Well I booted this morning and the exact same thing came back. So some additional notes:

1) The LAN config is Comcast cable -> Arris 722 modem (single port) -> Netgear Router (WiFi + 4 LAN)

2) The mtr fails across all hops, and I've seen it fail on hop #1 (my Netgear 192.168.1.1)
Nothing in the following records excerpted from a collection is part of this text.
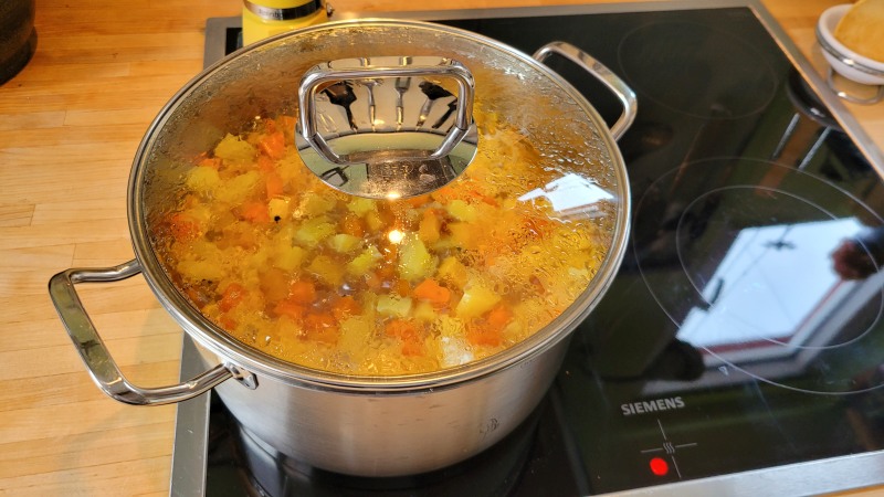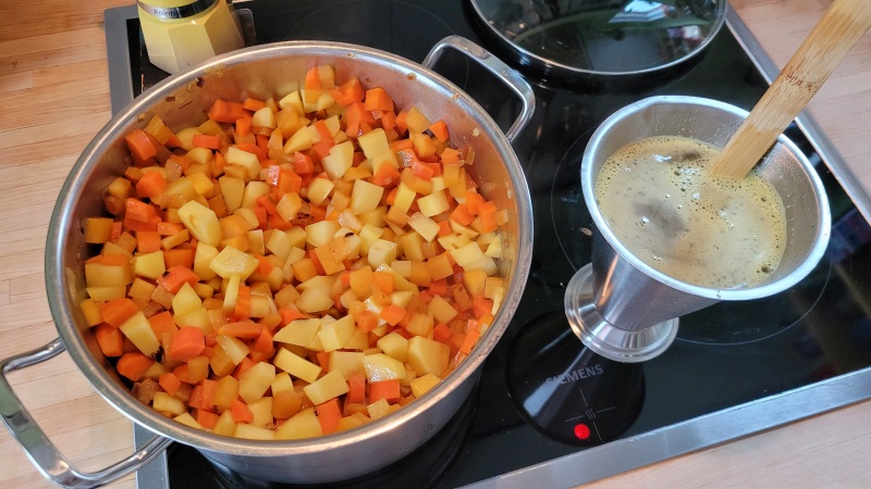 - Mit der Gemüsebrühe das Kochgemüse ablöschen, dabei am Boden des Topfes eventuell leicht angesetzte Reste lösen. Mehrmals rühren und dann den Deckel drauf. Die Temperatur weiter runterregeln, sobald alles gut durchköchelt. Ab jetzt nutze ich nur noch Stufe 1 (von 9).
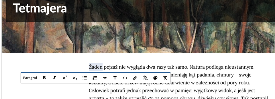 Zaznaczenie fragmentu tekstu wyświetla opcje edycji tj. pogrubienie, lista, nagłówki, zmiana koloru.
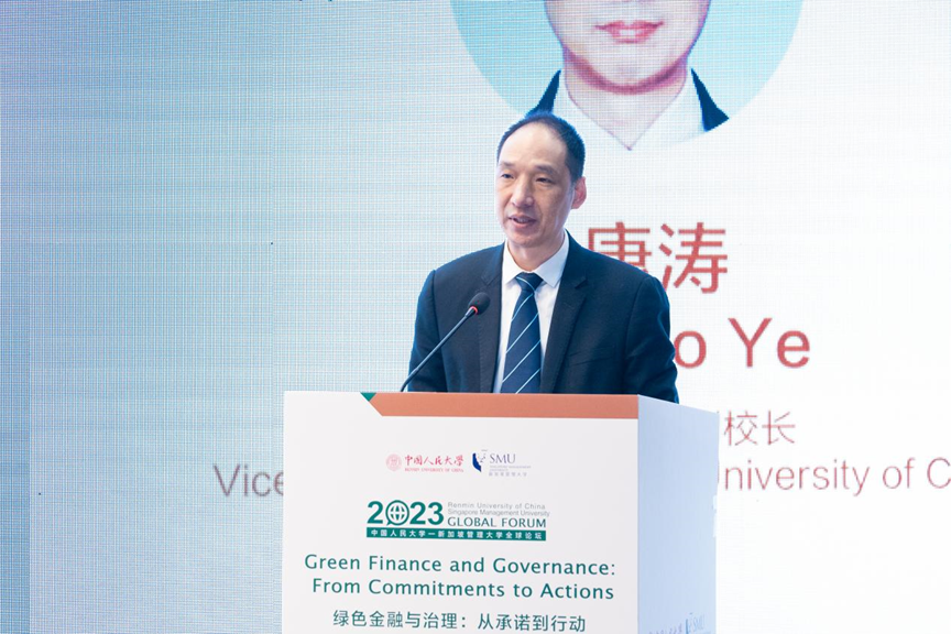 叶康涛在致辞中指出,本次论坛的主题涵盖了绿色金融规划、实践和持续性发展的全周期要素,推动绿色金融健康发展,对实现人与自然和谐共生、切实把绿水青山转化为金山银山具有积极意义。在绿色发展领域,新加坡实现零碳排放的目标与中国的“双碳”战略一致,通过共同推动中新双方在绿色金融领域的合作建设,有望推动亚洲乃至全球绿色金融的发展,为全球可持续发展做出积极贡献。叶康涛强调,中国人民大学在长期的办学实践中充分发挥在人文社会科学领域的独特优势,积累了深厚的交叉学科知识,为绿色金融的研究和教育工作奠定了坚实基础。希望各位专家学者在本次论坛中充分交流分享研究成果与心得,为推动绿色金融的发展注入新的动力和活力。

3) Recalling the single core (out of 8) 100% utilization which happens when I take eth0 down the top info is:

steve@debian:~$ top -b -n 1 | head -n 25
top - 14:10:37 up 7 min, 2 users, load average: 0.19, 0.71, 0.52
Tasks: 174 total, 1 running, 173 sleeping, 0 stopped, 0 zombie
%Cpu(s): 5.6 us, 4.7 sy, 0.0 ni, 87.9 id, 1.7 wa, 0.0 hi, 0.1 si, 0.0 st
KiB Mem: 16367004 total, 1073080 used, 15293924 free, 34908 buffers
KiB Swap: 33342460 total, 0 used, 33342460 free, 538796 cached

PID USER PR NI VIRT RES SHR S %CPU %MEM TIME+ COMMAND
2294 root 20 0 66512 504 192 S 98.2 0.0 4:31.42 wvbhgntrsa
3881 steve 20 0 1001m 126m 39m S 19.6 0.8 0:11.39 gnome-shell
4043 steve 20 0 378m 16m 11m S 6.5 0.1 0:00.68 gnome-terminal
1 root 20 0 10648 828 692 S 0.0 0.0 0:01.14 init
2 root 20 0 0 0 0 S 0.0 0.0 0:00.00 kthreadd
3 root 20 0 0 0 0 S 0.0 0.0 0:00.00 ksoftirqd/0
6 root rt 0 0 0 0 S 0.0 0.0 0:00.09 migration/0


So I decided to remove the Netgear completely - Debian is now hardwired directly into the Arris modem. After booting the same cycle begins again - ~2 min 24 sec of normalcy, then ~26 seconds of 800% (all 8 CPU cores) CPU utilization. This period repeats just like clockwork. During the 800% utilization:

steve@debian:~$ top -b -n 1
top - 19:07:18 up 1 min, 2 users, load average: 4.48, 1.24, 0.43
Tasks: 175 total, 2 running, 173 sleeping, 0 stopped, 0 zombie
%Cpu(s): 12.8 us, 12.8 sy, 0.0 ni, 68.3 id, 5.7 wa, 0.0 hi, 0.4 si, 0.0 st
KiB Mem: 16367004 total, 743496 used, 15623508 free, 28640 buffers
KiB Swap: 33342460 total, 0 used, 33342460 free, 375620 cached

PID USER PR NI VIRT RES SHR S %CPU %MEM TIME+ COMMAND
2297 root 20 0 156m 4416 184 S 726.2 0.0 3:31.03 izsobvefdj
1 root 20 0 10648 828 692 S 0.0 0.0 0:01.12 init
2 root 20 0 0 0 0 S 0.0 0.0 0:00.00 kthreadd
3 root 20 0 0 0 0 S 0.0 0.0 0:00.08 ksoftirqd/0
4 root 20 0 0 0 0 S 0.0 0.0 0:00.00 kworker/0:0
5 root 20 0 0 0 0 S 0.0 0.0 0:00.00 kworker/u:0
6 root rt 0 0 0 0 S 0.0 0.0 0:00.04 migration/0


Note that during this 800% CPU utilization mtr fails hop 2 - 10. (Hop #1 is "???"). Ping also fails. (This is also the time when my Netgear would drop wireless connections and also report a DOS attack).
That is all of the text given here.